Mais si l’on y prend garde, ces données, qui attestent ainsi l’usage de ce type lexical,
forment une vaste aire homogène, que renforcent les attestations littéraires tirées
des dictionnaires généraux (M. Tinayre [née à Tulle], GLLF ; J. Renard [Nièvre], Rob 1985 ;
A. Theuriet [Meurthe-et-Moselle], TLF), de la base Frantext (Balzac, Goncourt, Erckmann-Chatrian, Ramuz, Genevoix, Bernanos, Bourget, Pesquidoux,
Van der Meersch, Cendrars, Clavel), de la documentation DRF (dont sont tirés la plupart
des exemples cités ci-dessus), sans oublier les données dialectales (FEW et atlasd). Dans quasiment toute la moitié ouest de la France, on ne voit pas que le mot appelle
de remarques sur sa prononciation ou son genre grammatical : c’est pour la bonne raison
qu’il n’y est pas d’usage courante et, dès lors, les relevés des lexicographes régionaux concernant cheneau attestent moins des régionalismes qu’un subrégionalisme. On est ainsi fondé à penser
que chéneau et ses variantes constituent un ensemble qui, malgré son importance et la caution
des dictionnaires de référence, est bien loin de représenter un usage général et doit
être assorti d’une marque diatopiquef, qui est, pour partie sa marque d’origineg : il s’étend, autant qu’on puisse l’entrevoir en l’absence d’une enquête d’ensemble,
sur une vaste aire est, avec prolongements en Belgique (PohlBelg 1950 ; cf. ALW 4,
51) et en Suisse romande (Lengert 1994 ; DSR 1997). Cet ensemble est socialement stratifié :
chéneau, parfaitement légitime (et légitimé par la lexicographie de référence), mais néanmoins
diatopisme réel, est le plus usuel (avec la variante comtoise [ʃɛː], v. n. b) ; cheneau, vieille prononciation française (cf. LeDuchat 1750 « Les Messins écrivent ce mot cheneau », cité par FréchetAnnonay) qui passe pour standard (BonnaudAuv) est plus populaire ;
cheneau f., forme française et genre probablement dialectal (c’est l’inverse dans certains
parlers de l’ALLy), qui se corrige et est pop. ; enfin la chanau, emprunt (dep.
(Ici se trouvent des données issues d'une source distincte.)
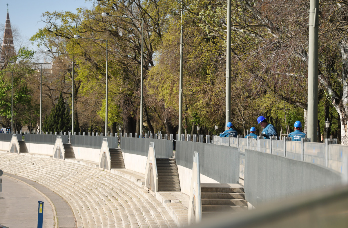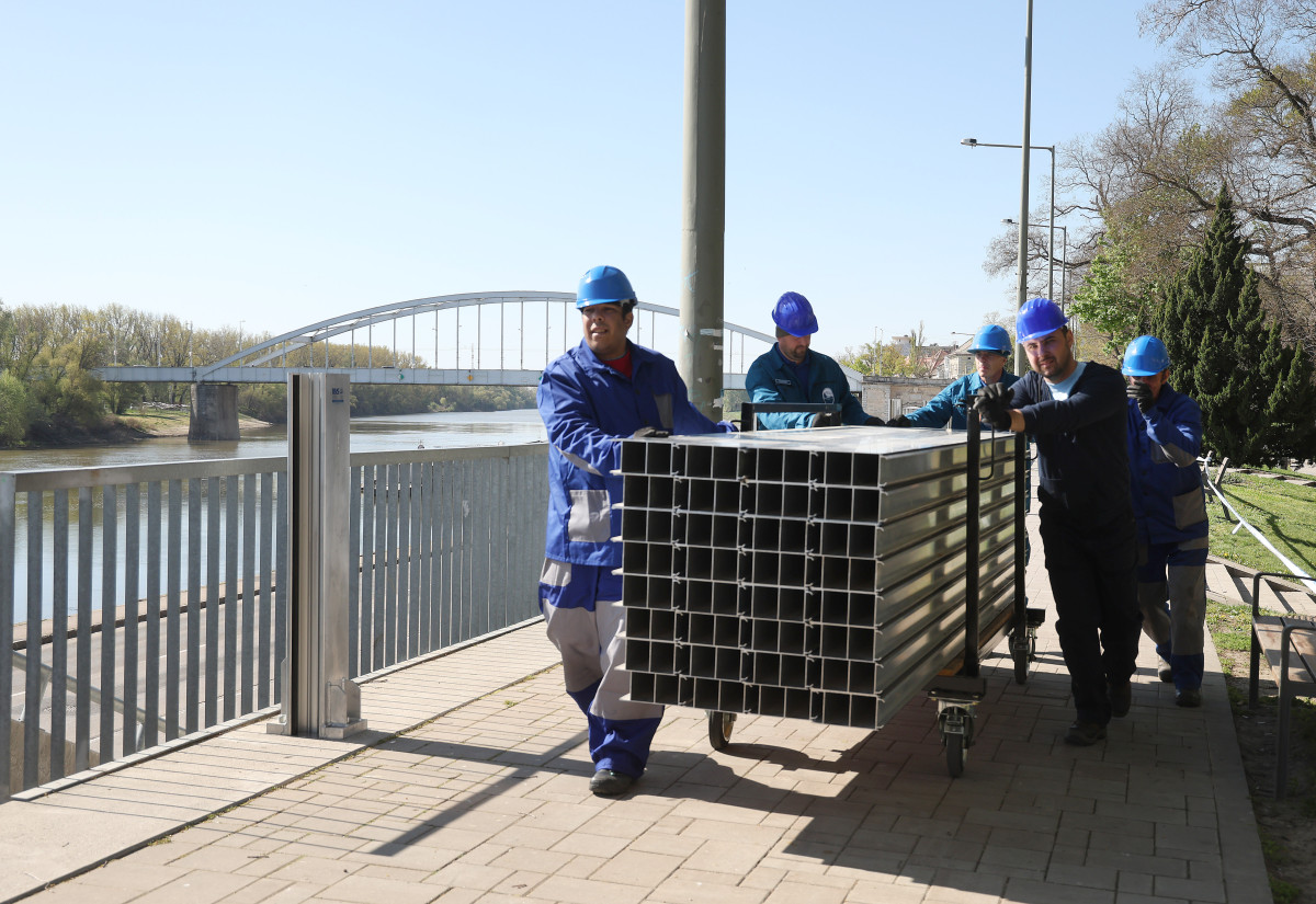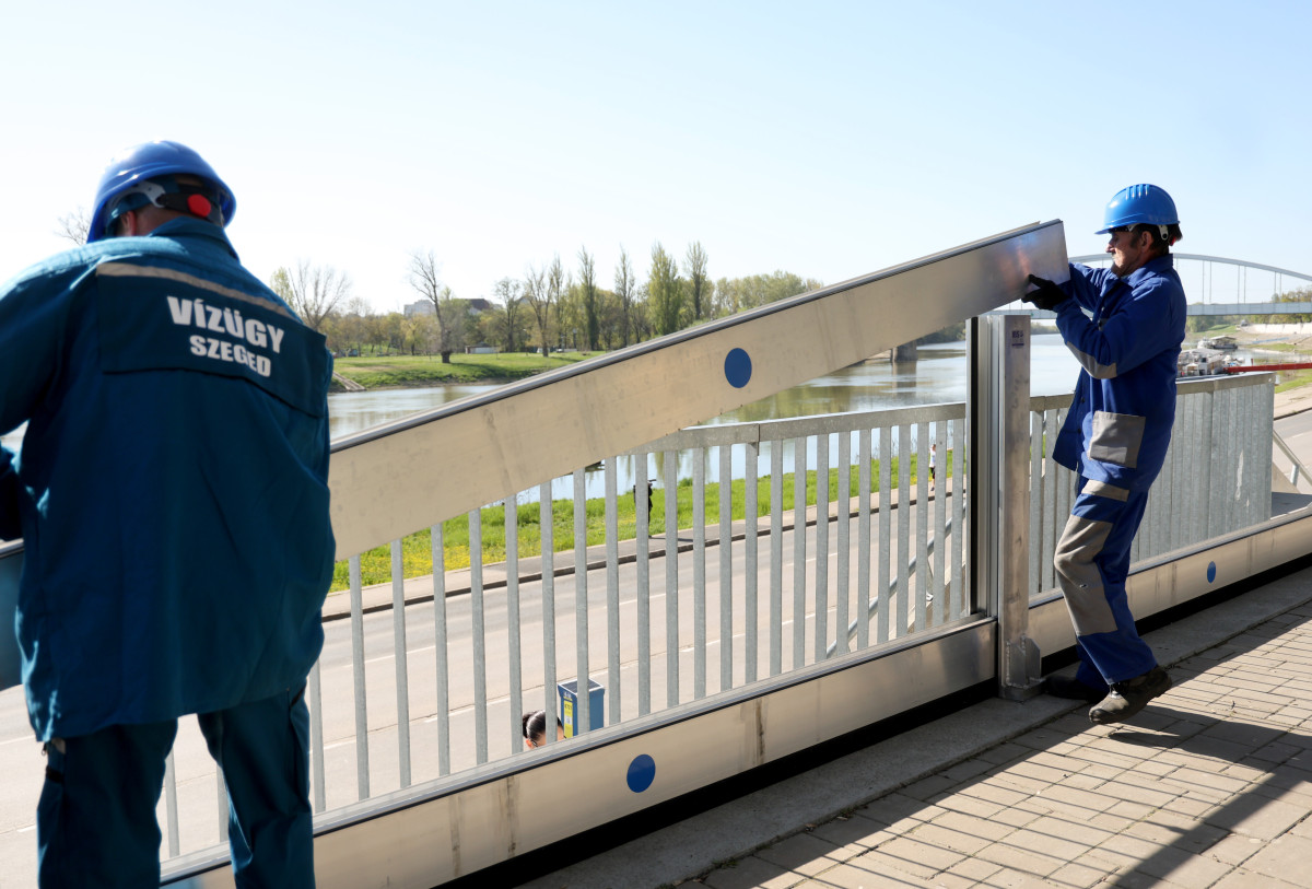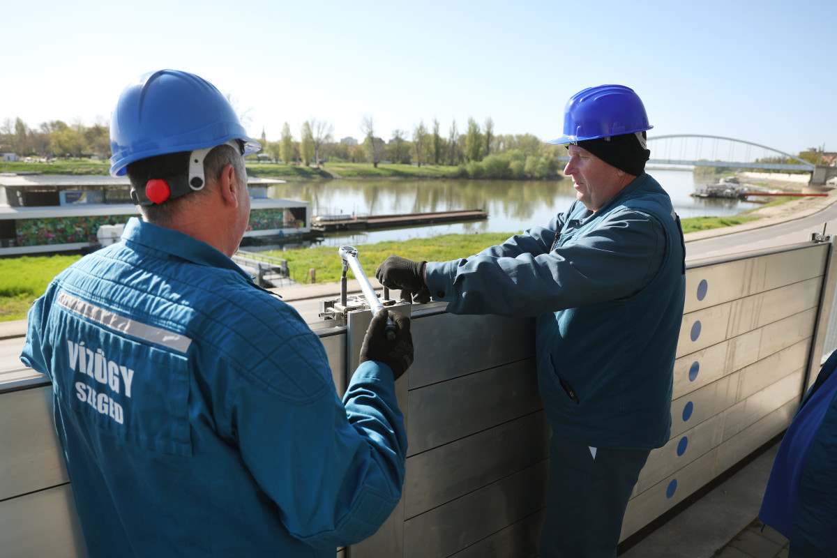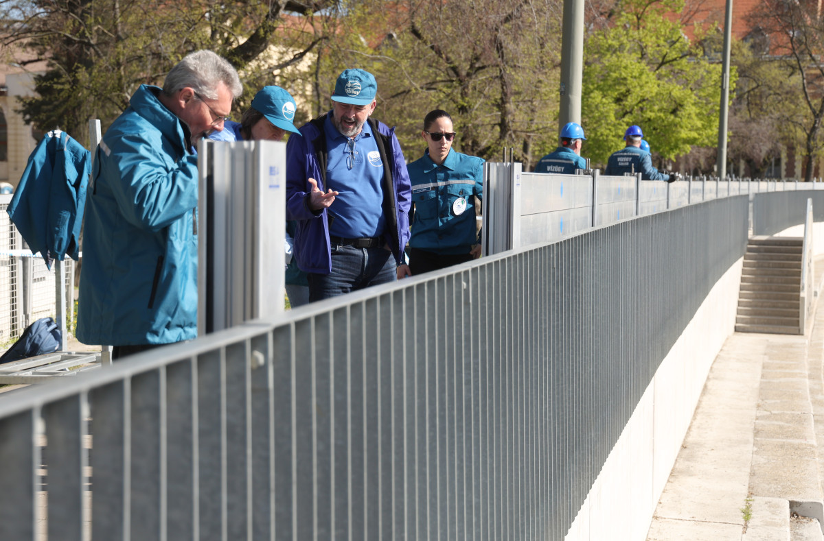 A szakemberek élesben tesztelik az árvízvédelmi rendszert az Etelka sor és a Halászcsárdák lejárója közötti szakaszon. A gyakorlatban az ATIVIZIG közel 50 munkatársa vesz részt, akik gépi szállító járművekkel mozgatják a mobil elemeket.

Mège 1861) au substrat dialectal et aujourd’hui (BonnaudAuv 1976) probablement
en voie d’extinction.
Quant à la loc. phrast. illustrée ici par l’ex. 19, elle semble un archaïsme encore
en usage dans diverses régions (v. ici n. f ; DuraffVaux 1941 s.v. abonder ; et les équivalents patois dans GPSR et BecquevortArconsat 1981), attesté dep. 1609
(« Qui pis est, il pleuvoit d’une telle maniere Que les reins par despit me servoient
de goutiere » Mathurin Régnier, Œuvres complètes, Paris, Didier, 1958, 150), 1610 (« ce berger auquel en temps de pluye la raye du cul seruoit de goutiere » Béroalde de Verville, Le Moyen de parvenir, fac-similé, par H. Moreau et A. Tournon, Marseille, 1984, 33), 1612 (« le plus souuent aux femmes de Paris la raye du cul leur sert de goustiere » Bruscambille, Les Fantaisies, Lyon, 1618, 286)h et dans Oudin 1640 (non trouvé dans FEW).
a Dans chinaulx, le i est une adaptation propre à la zone frpr., du schwa français (cf. GardPhon et Chambon
MélMartin).
b Cette graphie se retrouve, par exemple, à la nomenclature française de BlochLex 1915
(qui emploie chéneau dans la métalangue : « L’endroit légèrement en saillie d’où l’eau tombe d’un toit quand il n’y a pas de chéneaux », « L’eau qui tombe d’un toit sans chéneaux ou par les trous d’un chéneau endommagé » s .v. gouttière. Les graphies correspondent à la prononciation de la Haute-Saône avec une longue dans
l’initiale (même chose pour le Doubs, cf. BoillotGrCombe 1929).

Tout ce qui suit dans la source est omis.